■ **INFORMATION SHOWN**:
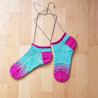 These socks came about because I wanted some cute, quick socks to knit for myself. This then lead to me knitting versions to give to my whole family. It was good practice in knitting different sizes. By the time of this pattern release, I will have knitted 6 pairs. All different colour variations, and all different sizes. I use to be the person who suffered from second sock syndrome, but with this sock pattern - that never happened. I just want to keep knitting them. I’ve also found this to be a good pattern to use up some of that leftover sock yarn you have from other projects.
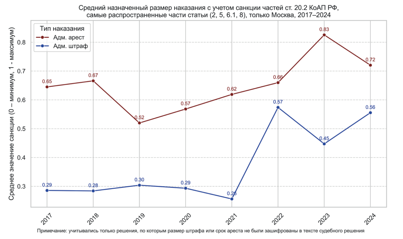 Изображение 3. Средние размеры наказаний (нормализованные) по ст. 20.2 КоАП РФ, Москва, 2017–2024 гг.
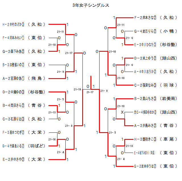 | WS3K-1 | 久松 | G−3森下みあA | 1 | 21-18 | 0 | F−4河本みれい@ | 東伯 | |
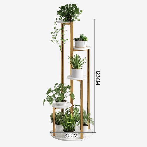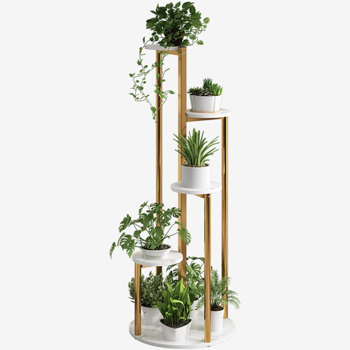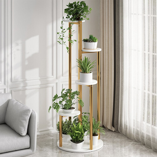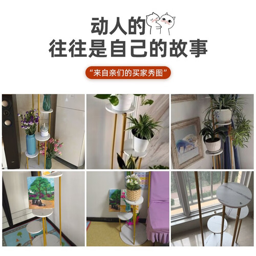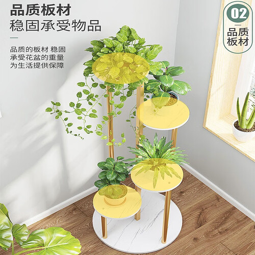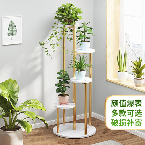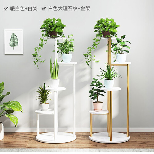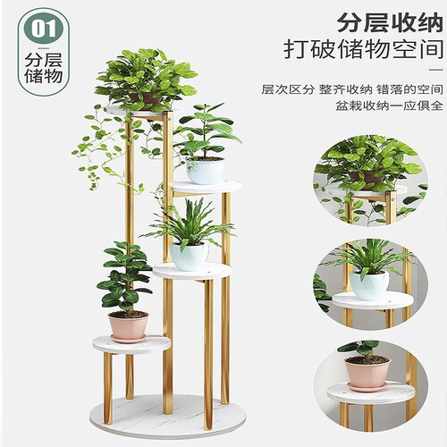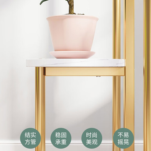 大理石具有较好的承重能力,纹理自然,久用不易开裂,与金色的方管相搭配,更加美观。花架错落有致,放上绿植后更加美观。

■ **AIM OF THE TASK**: In the material above, retype exactly the lines that run from the one containing "Изображение 3. Средние" through the last line, and keep out the pictures.

■ **ANSWER AREA**:
 Изображение 3. Средние размеры наказаний (нормализованные) по ст. 20.2 КоАП РФ, Москва, 2017–2024 гг.
 | WS3K-1 | 久松 | G−3森下みあA | 1 | 21-18 | 0 | F−4河本みれい@ | 東伯 | |
 大理石具有较好的承重能力,纹理自然,久用不易开裂,与金色的方管相搭配,更加美观。花架错落有致,放上绿植后更加美观。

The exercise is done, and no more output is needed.